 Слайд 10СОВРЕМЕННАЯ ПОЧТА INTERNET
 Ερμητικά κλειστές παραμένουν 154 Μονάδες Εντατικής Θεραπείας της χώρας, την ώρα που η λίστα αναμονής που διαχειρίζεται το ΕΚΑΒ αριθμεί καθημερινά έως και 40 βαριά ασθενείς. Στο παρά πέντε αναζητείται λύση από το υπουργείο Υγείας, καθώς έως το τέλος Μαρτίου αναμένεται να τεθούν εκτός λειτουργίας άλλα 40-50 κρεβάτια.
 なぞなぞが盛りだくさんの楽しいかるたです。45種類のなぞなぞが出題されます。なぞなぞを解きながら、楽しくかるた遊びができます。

...

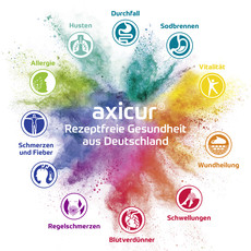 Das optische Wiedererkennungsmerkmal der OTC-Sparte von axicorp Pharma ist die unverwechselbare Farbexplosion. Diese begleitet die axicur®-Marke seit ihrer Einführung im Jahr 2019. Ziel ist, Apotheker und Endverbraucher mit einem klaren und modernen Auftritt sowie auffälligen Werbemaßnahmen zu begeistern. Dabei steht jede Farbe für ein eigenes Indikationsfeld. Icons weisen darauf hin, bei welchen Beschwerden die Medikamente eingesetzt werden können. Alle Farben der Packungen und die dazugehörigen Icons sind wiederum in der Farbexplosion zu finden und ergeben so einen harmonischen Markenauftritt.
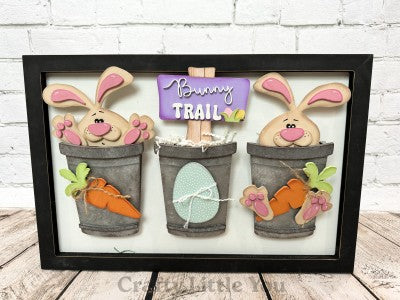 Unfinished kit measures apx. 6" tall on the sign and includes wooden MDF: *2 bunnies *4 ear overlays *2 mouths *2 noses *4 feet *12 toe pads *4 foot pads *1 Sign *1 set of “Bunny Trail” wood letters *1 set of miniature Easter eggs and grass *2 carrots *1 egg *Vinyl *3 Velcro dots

REQUIRED WORK: All lines above from the one with "Слайд 10СОВРЕМЕННАЯ ПОЧТА INTERNET" to the one with "なぞなぞが盛りだくさんの楽し", inclusive, should be copied exactly, and no other lines.

RESPONSE BELOW:
 Слайд 10СОВРЕМЕННАЯ ПОЧТА INTERNET
 Ερμητικά κλειστές παραμένουν 154 Μονάδες Εντατικής Θεραπείας της χώρας, την ώρα που η λίστα αναμονής που διαχειρίζεται το ΕΚΑΒ αριθμεί καθημερινά έως και 40 βαριά ασθενείς. Στο παρά πέντε αναζητείται λύση από το υπουργείο Υγείας, καθώς έως το τέλος Μαρτίου αναμένεται να τεθούν εκτός λειτουργίας άλλα 40-50 κρεβάτια.
 なぞなぞが盛りだくさんの楽しいかるたです。45種類のなぞなぞが出題されます。なぞなぞを解きながら、楽しくかるた遊びができます。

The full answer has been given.